The most difficult part is getting started. Nobody writes Makefiles from scratch.

modoc generates boilerplate build automation scripts designed for compiling HTML. It supports a number of different build automation tools, markup parsers, and templating languages. The generated file is only meant to be a starting point. The modoc reference provides an array of sample configurations.

Markup parsing

Selecting a markup parser can be difficult as markup languages have a power-readability trade-off. HTML is powerful and expressive, but quite difficult to read and write. Markdown is an extremely readable format, but is constrained by the language features provided by the parser.

The ideal markup language is parsimonious. It only provides the syntax elements you need and nothing more. The particular set of syntax elements is, of course, highly dependent on the author.

Some tools like pandoc offer filters where one can modify the AST before it is converted to HTML. This is useful, but not quite flexible enough. One can transform elements into others, but cannot introduce new syntax altogether.

lark enables one to easily construct and modify humane markup language parsers. It returns LPeg patterns, meaning it can easily be extended to include more sophisticated functionality. There is a module which implements a significant number of Markdown language features called lark-md.


The impetus for this document philosophy was twofold: frustration at static site generators for reinventing dependency tracking when build automation tools already exist for this purpose, and a desire to write human-readable source files that implement more features than standard Markdown. The latter specifically for writing mathematics.

I developed these tools to resolve my personal gripes with static site generators and markup parsers. modoc and lark can be used separately, but in tandem I hope they form a powerful and extensible document system that others can use too.


Others before me have used build automation tools to generate HTML pages like the m4-bakery and Wakefile projects. My contribution in modoc was to extend the idea to other build automation tools, provide an easy web interface to customize boilerplates, and write some adequate documentation demonstrating sample configurations.

The idea behind lark is more novel.
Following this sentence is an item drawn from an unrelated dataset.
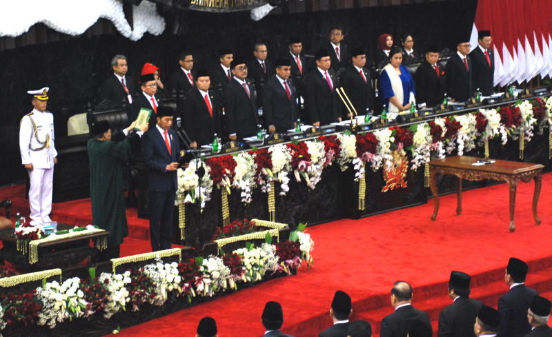 Disaksikan seluruh rakyat Indonesia dan masyarakat dunia melalui ribuan media massa dalam dan luar negeri, MPR RI menggelar Sidang Paripurna Pelantikan Presiden RI Joko Widodo dan Wakil Presiden RI Ma’ruf Amin Masa Jabatan 2019-2024, di Gedung Nusantara, Kompleks Parlemen, Jakarta, Minggu (20/10/2019). Hadir dalam sidang tersebut Wapres RI Periode 2014-2019 Jusuf Kalla.
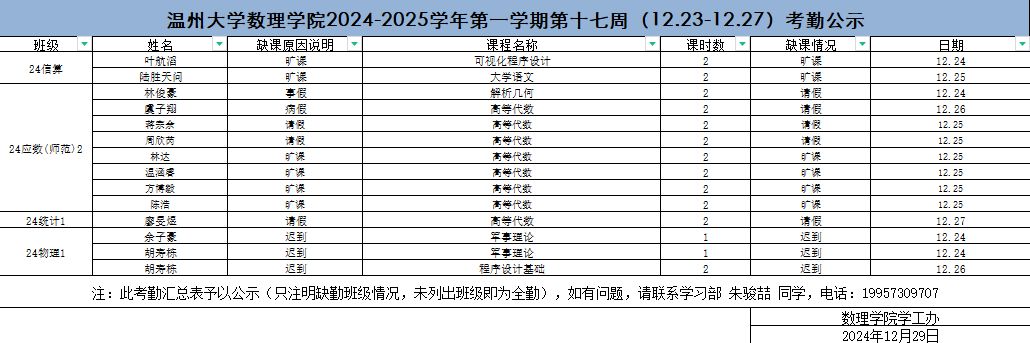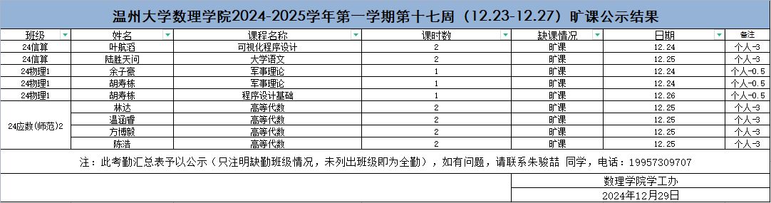 附件:第十七周旷课公示.xlsx 第十七周考勤表.xlsx

I experimented with several other systems including a general purpose macro processor, but ultimately decided to use a full parsing library which enables one to write more powerful markup languages.

The target markup language I had in mind was Markdown and it turned out most of the syntax can be neatly categorized into block and inline elements. lark takes advantage of this simple classification and enables one to replicate most of the features of Markdown with very little code.